Whenever a picture appears, omit it, and set down everything else in the records exactly.

• • •

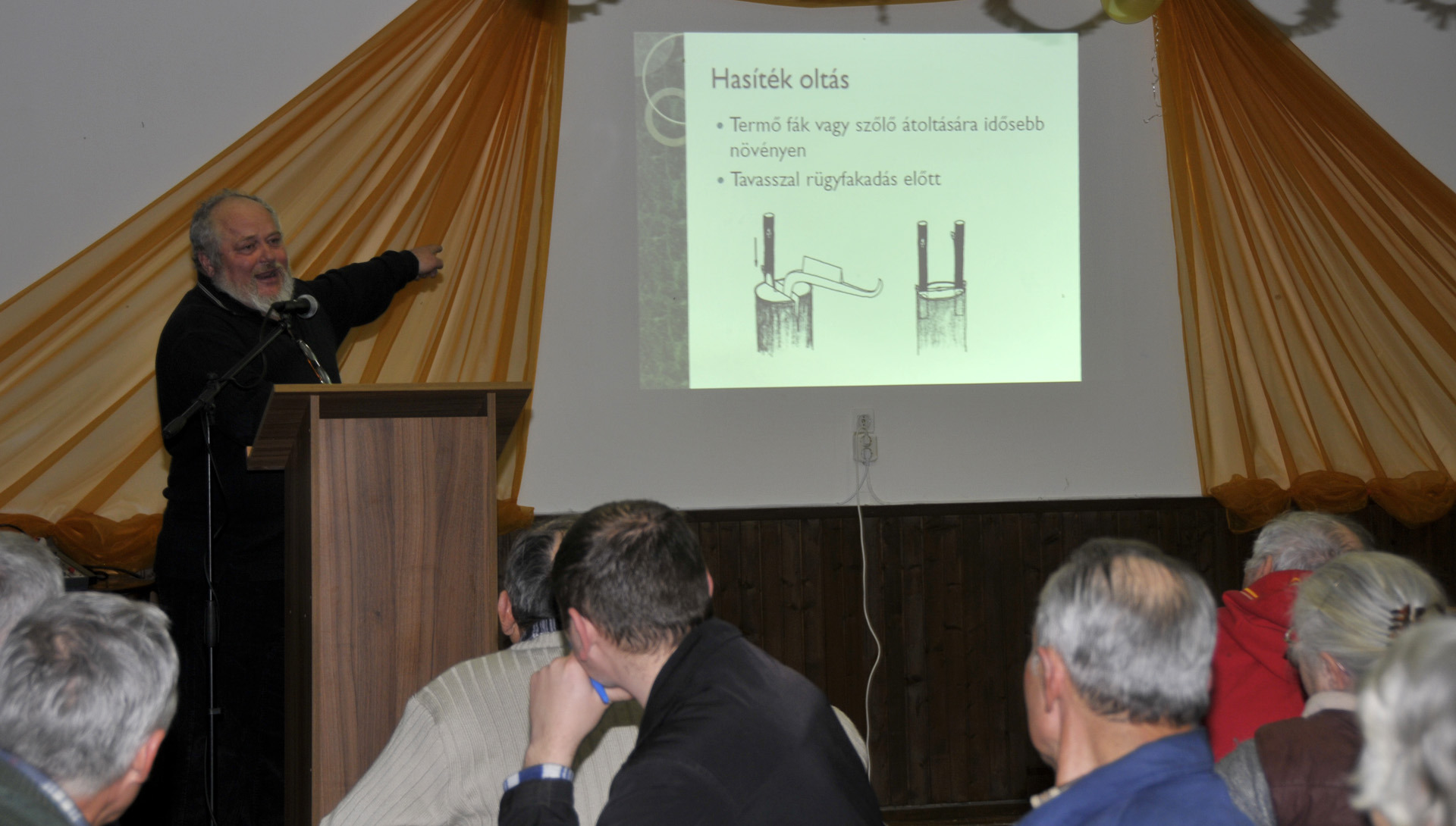 Pomázi Ferenc kertész előadásában az oltás és a szemzés elméletét sajátíthatták el az érdeklődők. Szó esett az oltások megfelelő időszakáról, a jó oltóalanyról, a különböző oltási technikákról és hatékonyságukról, valamint a gyümölcsnemesítés szerszámairól. Az előadást követően mindenki kipróbálhatta a hallottakat, sőt oltási alanyhoz is hozzájuthattak a szemfüles kertbarátok.
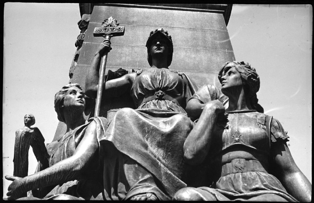 Nous voyons en contre-plongée la partie inférieure du monument au Roi Édouard V11, situé au Square Phillips, rue Sainte-Catherine Ouest, à l'angle de l'avenue Union à Montréal. Nous apercevons un groupe de figures féminines dont une couronnée et portant un sceptre
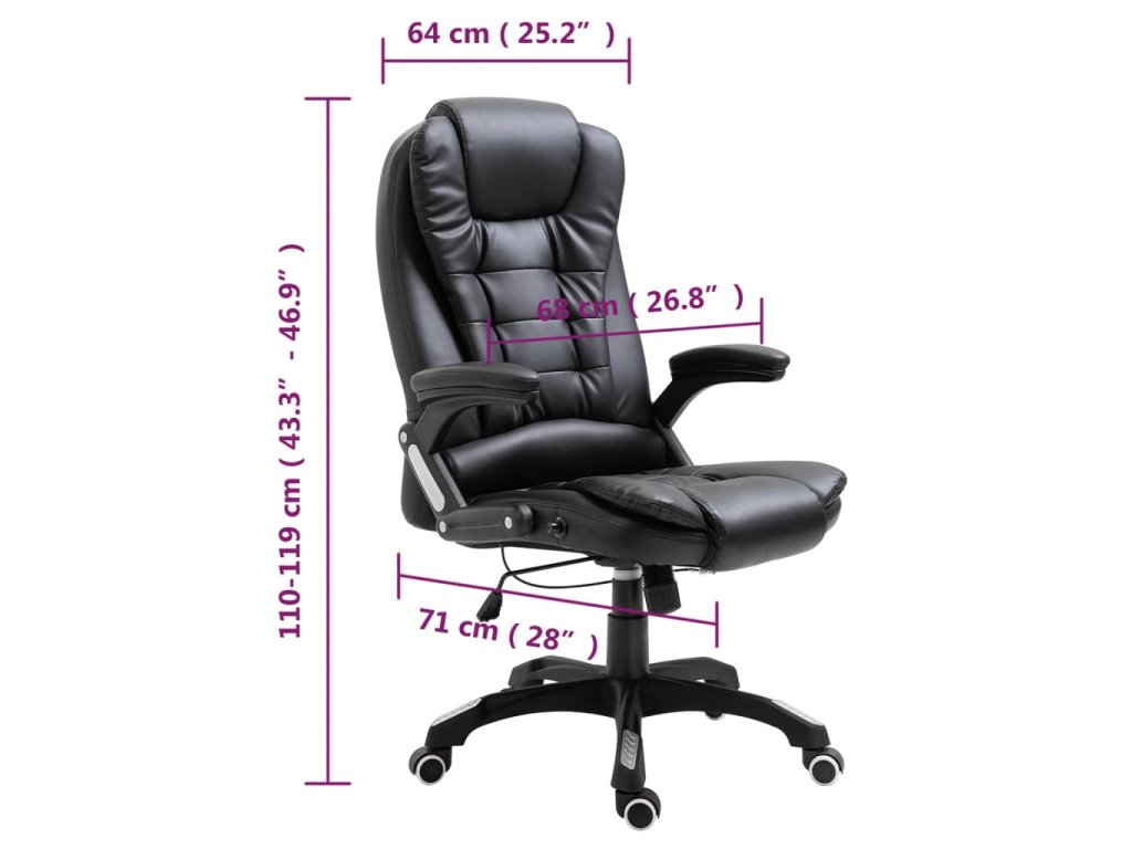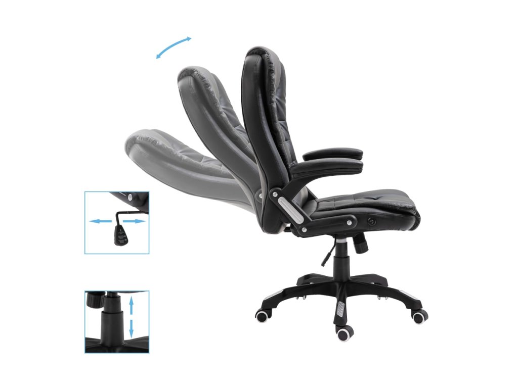 Design s vysokým opěradlem a ergonomicky polstrovaným opěradlem, područkami a sedákem vám umožní pohodlně pracovat i několik hodin. Má nastavitelný design, takže si židli můžete přizpůsobit výšce vašeho stolu, aby se vám pohodlněji sedělo a vaše páteř byla ve zdravé pozici. Design rovněž umožňuje otáčet židli o 360° stupňů. Židle je posazená na 5 nylonových kolečkách, a dá se tudíž bez námahy či hluku přesouvat z místa na místo.
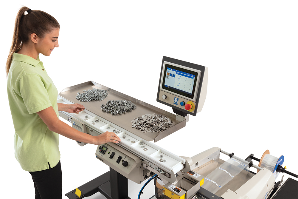 When used in conjunction with the Autobag 500 bagging system, an operator retrieves products from the load tray and places them into the Maximizer conveyor flights. The conveyor then delivers the product to the detection eye and accumulating funnel. Once the pre-set count is reached, the product is dropped into a pre-opened bag, sealed and detached, while another bag is presented for loading. This continuous conveying and counting motion speeds productivity in most hand-load applications.
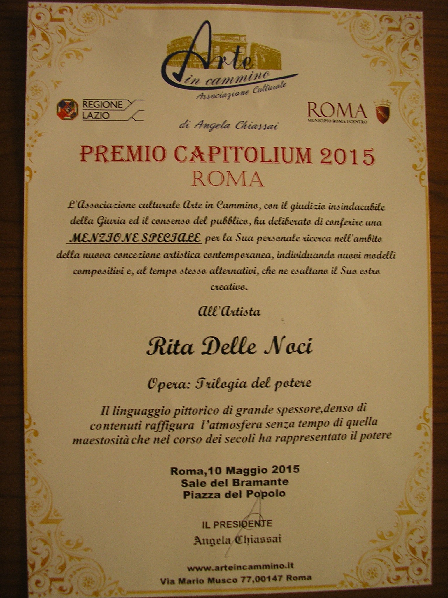 L'Artista partecipa a questa importante rassegna romana, patrocinata dall'Associazione culturale "Arte in cammino", che si è tenuta nelle Sale del Bramante, a Piazza del Popolo, con l'opera "Trittico del Potere"
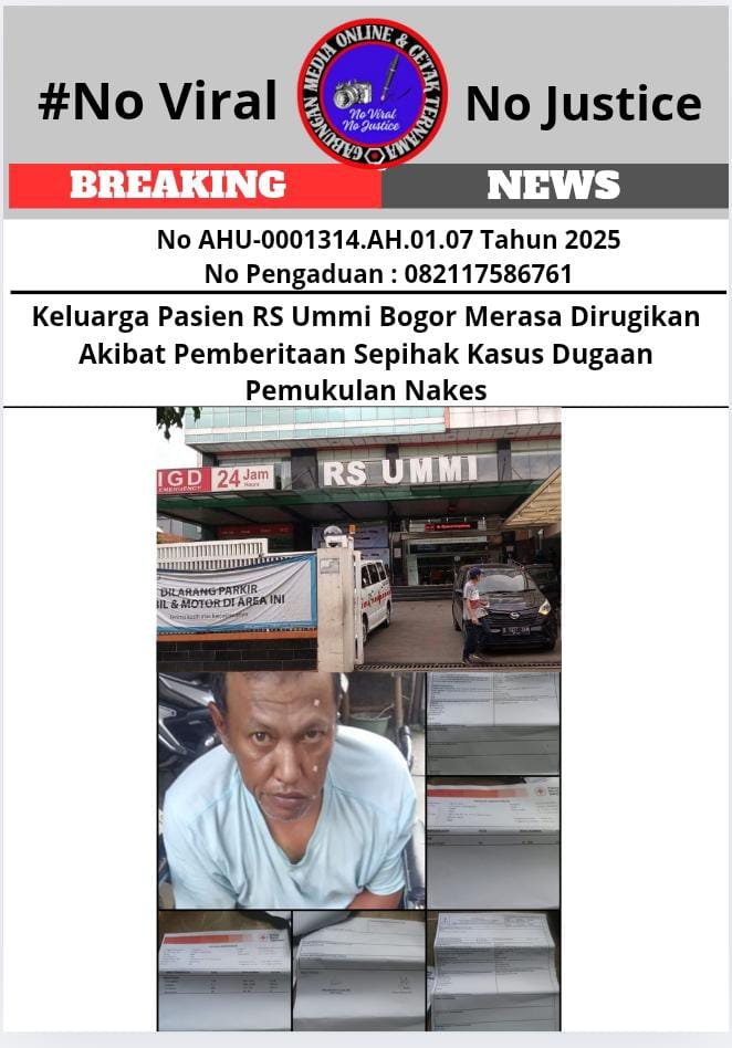 Bongkar perkara.com – Aceh, Bogor (GMOCT) – Keluarga pasien Rumah Sakit Ummi Bogor merasa dirugikan oleh pemberitaan sepihak terkait dugaan pemukulan tenaga kesehatan (nakes). Kejadian bermula saat pasien stroke dibawa ke UGD, namun ditolak dengan alasan kamar penuh, meskipun keluarga pasien siap membayar biaya pengobatan secara umum.
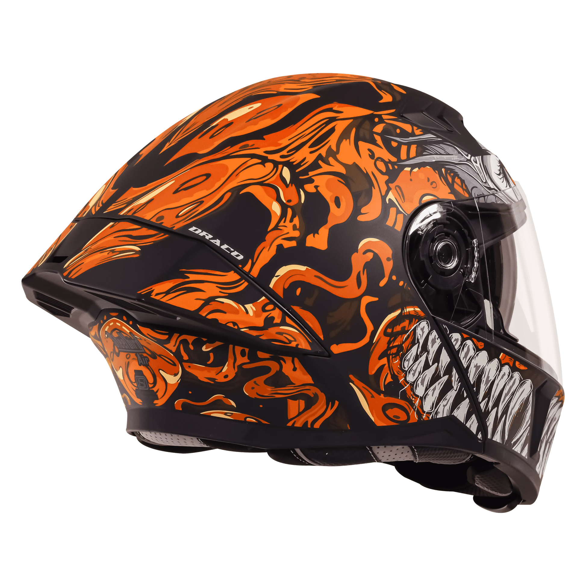 The STEELBIRD Sba 20 Draco Matt Orange Flip Up Helmet blends bold style with adaptable functionality. Its flip up design makes it a practical choice for city commuting and long rides, providing comfort without compromising safety.
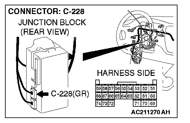 STEP 5. Check ETACS-ECU connector C-228 for loose, corroded or damaged terminals, or terminals pushed back in the connector.
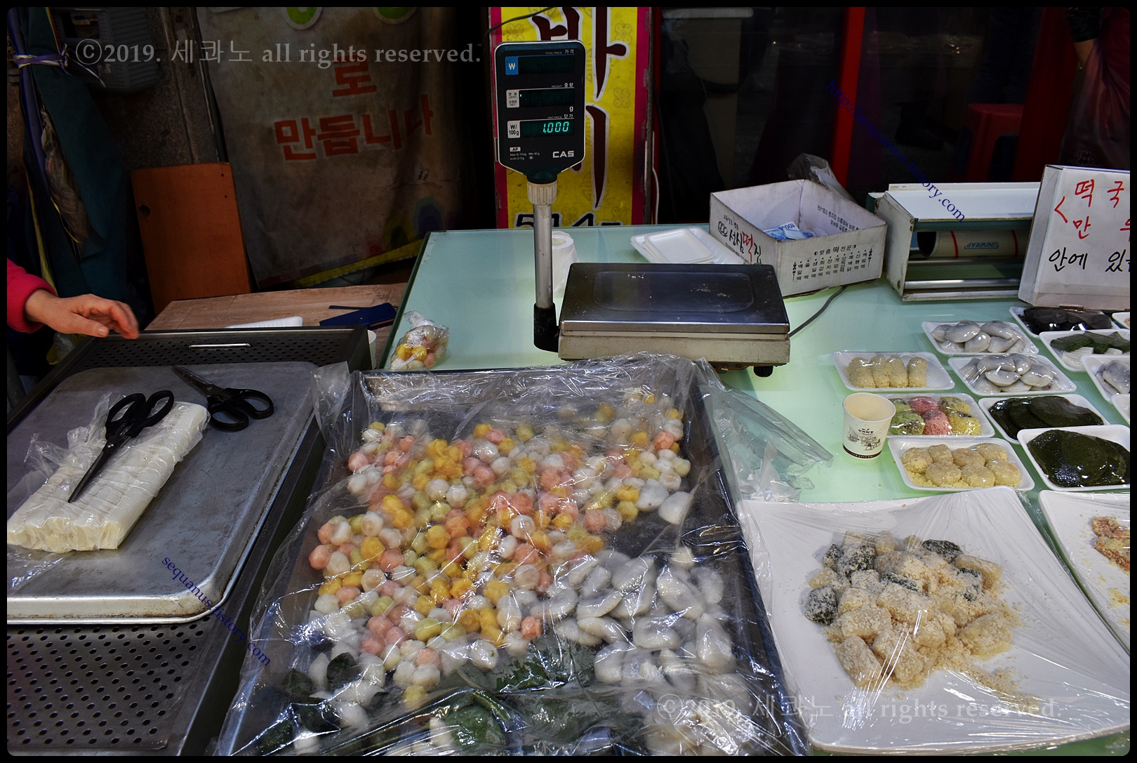 가게가 빽빽이 줄을 선 이곳에 독특한 인절미로
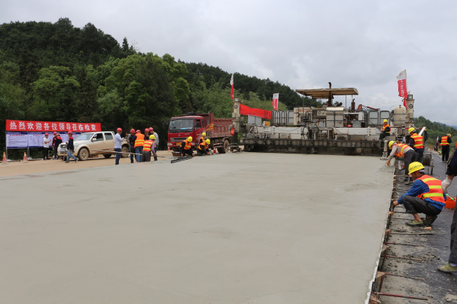 通過近8個小時緊張而有序的施工完成193.5米試驗段,對試拌、試鋪兩個階段各項數據、工序及流程進行全面監(jiān)測,確保整套施工工藝流程完全符合打造一條高強度,抗滑抗沖擊的一級高速路,為全線路面鋪設提供符合當地氣候和適宜溫差環(huán)境的施工數據,為混凝土路面施工大規(guī)模采用滑模攤鋪施工積累寶貴的經驗,更為年內實現全線竣工通車贏得有效的施工保證。
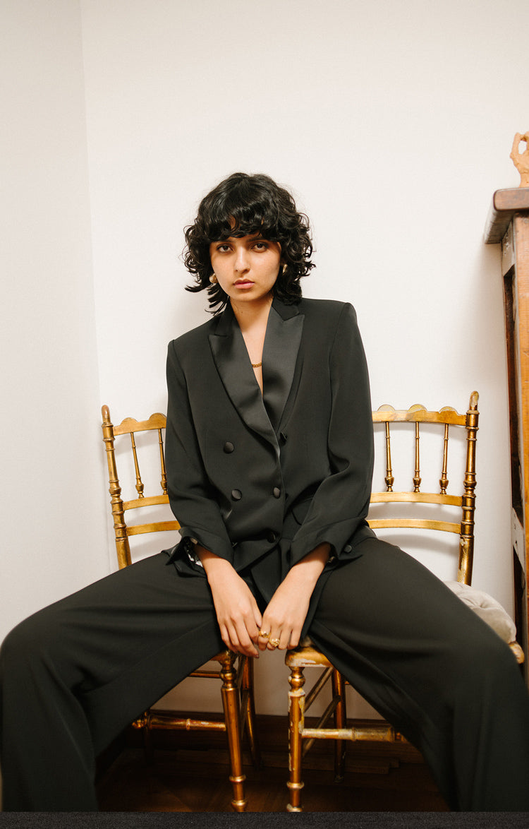 Chaqueta tipo esmoquin en crepé. Diseñada con una silueta entallada, llega a la cadera, tiene bolsillos y doble abotonadura. La solapa es en satín y el forro es en poliéster. La modelo lleva una talla S y mide 1,75. Esta prenda es hecha en Colombia en condiciones de trabajo éticas.

• • •

_Response to the exercise:_
 Pomázi Ferenc kertész előadásában az oltás és a szemzés elméletét sajátíthatták el az érdeklődők. Szó esett az oltások megfelelő időszakáról, a jó oltóalanyról, a különböző oltási technikákról és hatékonyságukról, valamint a gyümölcsnemesítés szerszámairól. Az előadást követően mindenki kipróbálhatta a hallottakat, sőt oltási alanyhoz is hozzájuthattak a szemfüles kertbarátok.
 Nous voyons en contre-plongée la partie inférieure du monument au Roi Édouard V11, situé au Square Phillips, rue Sainte-Catherine Ouest, à l'angle de l'avenue Union à Montréal. Nous apercevons un groupe de figures féminines dont une couronnée et portant un sceptre
 Design s vysokým opěradlem a ergonomicky polstrovaným opěradlem, područkami a sedákem vám umožní pohodlně pracovat i několik hodin. Má nastavitelný design, takže si židli můžete přizpůsobit výšce vašeho stolu, aby se vám pohodlněji sedělo a vaše páteř byla ve zdravé pozici. Design rovněž umožňuje otáčet židli o 360° stupňů. Židle je posazená na 5 nylonových kolečkách, a dá se tudíž bez námahy či hluku přesouvat z místa na místo.
 When used in conjunction with the Autobag 500 bagging system, an operator retrieves products from the load tray and places them into the Maximizer conveyor flights. The conveyor then delivers the product to the detection eye and accumulating funnel. Once the pre-set count is reached, the product is dropped into a pre-opened bag, sealed and detached, while another bag is presented for loading. This continuous conveying and counting motion speeds productivity in most hand-load applications.
 L'Artista partecipa a questa importante rassegna romana, patrocinata dall'Associazione culturale "Arte in cammino", che si è tenuta nelle Sale del Bramante, a Piazza del Popolo, con l'opera "Trittico del Potere"
 Bongkar perkara.com – Aceh, Bogor (GMOCT) – Keluarga pasien Rumah Sakit Ummi Bogor merasa dirugikan oleh pemberitaan sepihak terkait dugaan pemukulan tenaga kesehatan (nakes). Kejadian bermula saat pasien stroke dibawa ke UGD, namun ditolak dengan alasan kamar penuh, meskipun keluarga pasien siap membayar biaya pengobatan secara umum.
 The STEELBIRD Sba 20 Draco Matt Orange Flip Up Helmet blends bold style with adaptable functionality. Its flip up design makes it a practical choice for city commuting and long rides, providing comfort without compromising safety.
 STEP 5. Check ETACS-ECU connector C-228 for loose, corroded or damaged terminals, or terminals pushed back in the connector.
 가게가 빽빽이 줄을 선 이곳에 독특한 인절미로
 通過近8個小時緊張而有序的施工完成193.5米試驗段,對試拌、試鋪兩個階段各項數據、工序及流程進行全面監(jiān)測,確保整套施工工藝流程完全符合打造一條高強度,抗滑抗沖擊的一級高速路,為全線路面鋪設提供符合當地氣候和適宜溫差環(huán)境的施工數據,為混凝土路面施工大規(guī)模采用滑模攤鋪施工積累寶貴的經驗,更為年內實現全線竣工通車贏得有效的施工保證。
 Chaqueta tipo esmoquin en crepé. Diseñada con una silueta entallada, llega a la cadera, tiene bolsillos y doble abotonadura. La solapa es en satín y el forro es en poliéster. La modelo lleva una talla S y mide 1,75. Esta prenda es hecha en Colombia en condiciones de trabajo éticas.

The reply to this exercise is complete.